___ Records ___

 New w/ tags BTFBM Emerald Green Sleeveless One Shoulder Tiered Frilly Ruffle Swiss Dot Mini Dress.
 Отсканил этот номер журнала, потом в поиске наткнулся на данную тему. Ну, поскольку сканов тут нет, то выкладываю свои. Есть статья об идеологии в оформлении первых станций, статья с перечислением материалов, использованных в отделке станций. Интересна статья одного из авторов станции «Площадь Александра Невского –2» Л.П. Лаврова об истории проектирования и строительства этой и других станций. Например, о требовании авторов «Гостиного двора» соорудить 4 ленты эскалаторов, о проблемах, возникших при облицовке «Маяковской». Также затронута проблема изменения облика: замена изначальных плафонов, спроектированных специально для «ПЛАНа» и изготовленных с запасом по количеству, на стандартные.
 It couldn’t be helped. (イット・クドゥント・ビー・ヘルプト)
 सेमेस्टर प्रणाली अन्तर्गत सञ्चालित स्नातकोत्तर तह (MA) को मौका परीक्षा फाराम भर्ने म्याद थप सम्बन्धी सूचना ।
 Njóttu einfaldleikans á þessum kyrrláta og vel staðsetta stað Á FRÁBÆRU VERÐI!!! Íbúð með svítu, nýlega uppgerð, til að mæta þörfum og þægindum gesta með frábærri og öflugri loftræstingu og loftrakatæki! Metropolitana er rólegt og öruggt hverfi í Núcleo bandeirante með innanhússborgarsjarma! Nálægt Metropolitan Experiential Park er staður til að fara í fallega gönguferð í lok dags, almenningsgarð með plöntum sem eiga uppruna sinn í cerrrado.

___
___ Records ___

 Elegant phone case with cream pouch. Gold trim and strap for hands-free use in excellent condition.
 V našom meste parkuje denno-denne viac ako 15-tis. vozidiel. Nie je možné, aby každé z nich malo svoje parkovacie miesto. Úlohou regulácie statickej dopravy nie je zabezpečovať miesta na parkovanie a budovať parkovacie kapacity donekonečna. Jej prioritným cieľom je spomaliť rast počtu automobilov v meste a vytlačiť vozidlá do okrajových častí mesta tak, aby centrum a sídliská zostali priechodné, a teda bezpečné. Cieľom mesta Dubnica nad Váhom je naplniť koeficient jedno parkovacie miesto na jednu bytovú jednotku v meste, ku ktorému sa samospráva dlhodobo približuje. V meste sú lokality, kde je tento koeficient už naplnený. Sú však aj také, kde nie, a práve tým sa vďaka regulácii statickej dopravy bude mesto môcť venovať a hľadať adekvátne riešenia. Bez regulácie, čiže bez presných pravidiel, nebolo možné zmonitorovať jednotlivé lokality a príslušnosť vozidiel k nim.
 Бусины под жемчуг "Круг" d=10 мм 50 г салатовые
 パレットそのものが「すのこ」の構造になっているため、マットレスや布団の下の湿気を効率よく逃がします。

___
___ Records ___

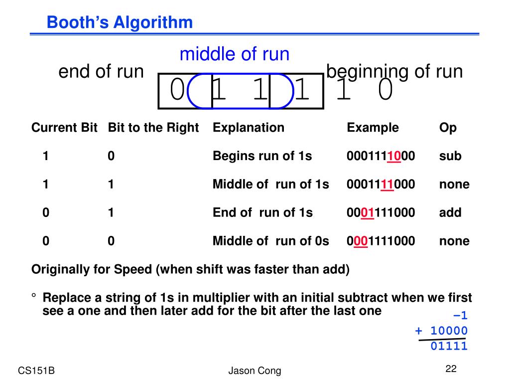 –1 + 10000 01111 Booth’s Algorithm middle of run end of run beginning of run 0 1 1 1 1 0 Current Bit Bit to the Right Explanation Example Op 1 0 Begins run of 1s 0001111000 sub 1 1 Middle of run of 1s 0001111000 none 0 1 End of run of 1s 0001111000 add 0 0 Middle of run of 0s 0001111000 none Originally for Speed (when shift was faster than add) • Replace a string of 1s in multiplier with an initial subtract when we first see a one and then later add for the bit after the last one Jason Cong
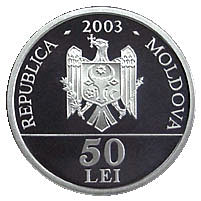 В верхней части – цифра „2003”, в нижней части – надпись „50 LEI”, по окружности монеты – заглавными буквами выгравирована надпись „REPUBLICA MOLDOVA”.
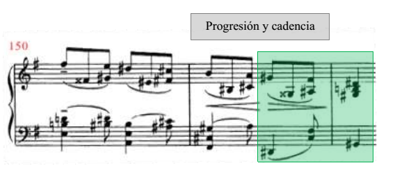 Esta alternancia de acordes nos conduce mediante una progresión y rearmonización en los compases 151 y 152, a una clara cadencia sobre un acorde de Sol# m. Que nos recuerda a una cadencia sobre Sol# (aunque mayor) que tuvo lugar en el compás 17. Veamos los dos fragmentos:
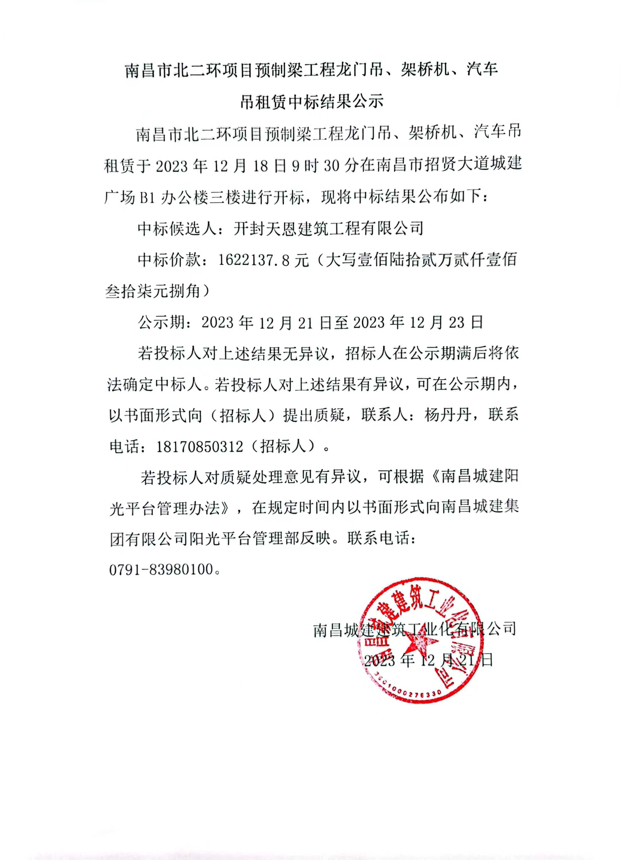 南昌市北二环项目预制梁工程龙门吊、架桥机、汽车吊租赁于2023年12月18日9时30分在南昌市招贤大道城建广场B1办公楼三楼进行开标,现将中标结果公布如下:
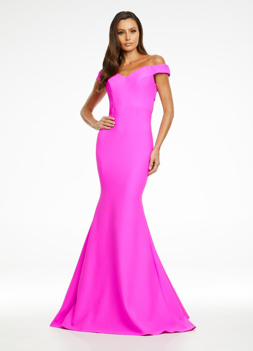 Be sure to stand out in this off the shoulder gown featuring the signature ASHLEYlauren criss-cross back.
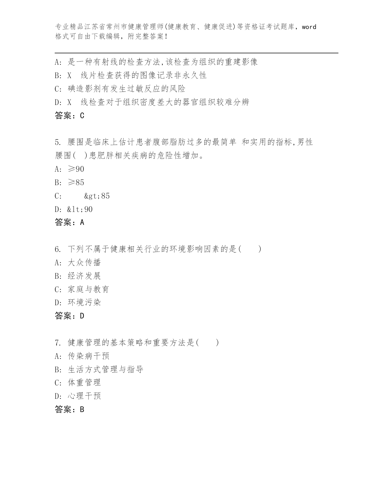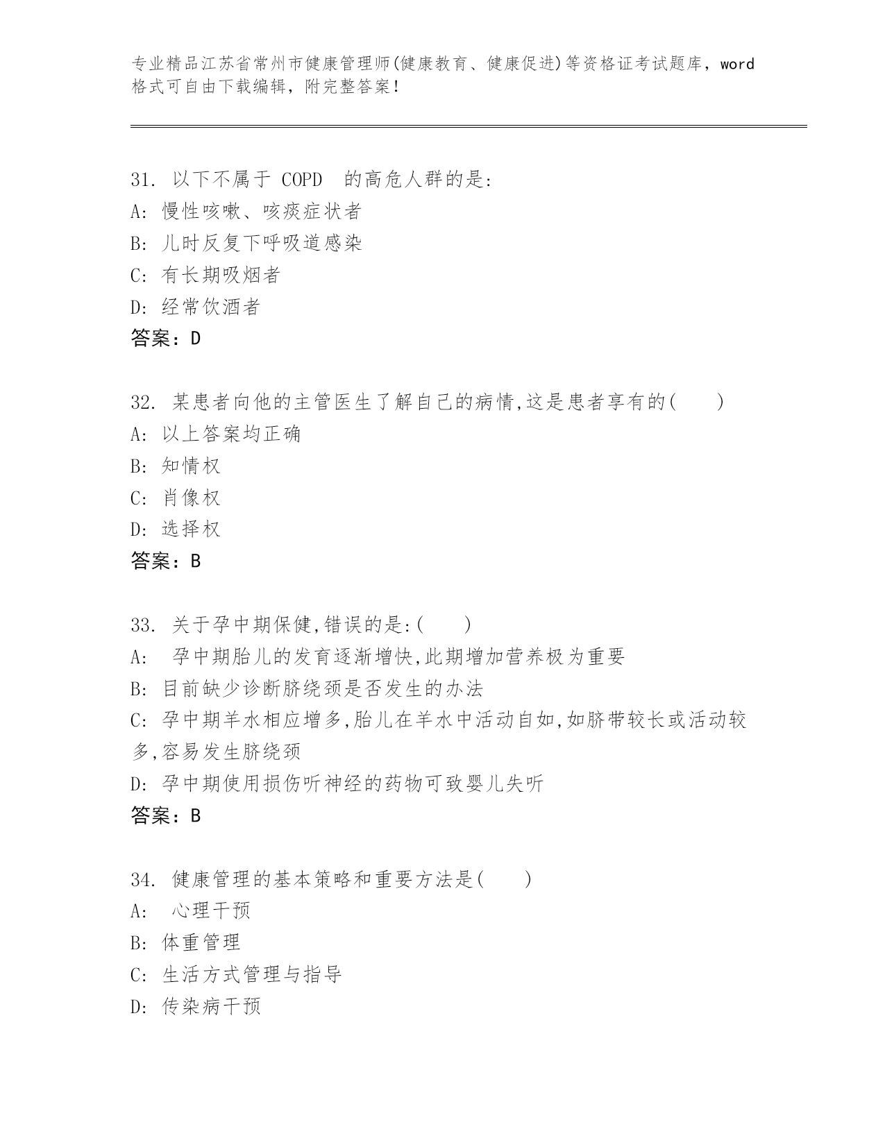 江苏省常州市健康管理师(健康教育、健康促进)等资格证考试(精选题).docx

___

▸ **Your assignment**: Only one part of the listing is wanted: the lines from the one containing "one Jason Cong" through the one containing "В верхней части", both included. Please transcribe it exactly, leaving out the pictures.

▸ **Task solution**:
 –1 + 10000 01111 Booth’s Algorithm middle of run end of run beginning of run 0 1 1 1 1 0 Current Bit Bit to the Right Explanation Example Op 1 0 Begins run of 1s 0001111000 sub 1 1 Middle of run of 1s 0001111000 none 0 1 End of run of 1s 0001111000 add 0 0 Middle of run of 0s 0001111000 none Originally for Speed (when shift was faster than add) • Replace a string of 1s in multiplier with an initial subtract when we first see a one and then later add for the bit after the last one Jason Cong
 В верхней части – цифра „2003”, в нижней части – надпись „50 LEI”, по окружности монеты – заглавными буквами выгравирована надпись „REPUBLICA MOLDOVA”.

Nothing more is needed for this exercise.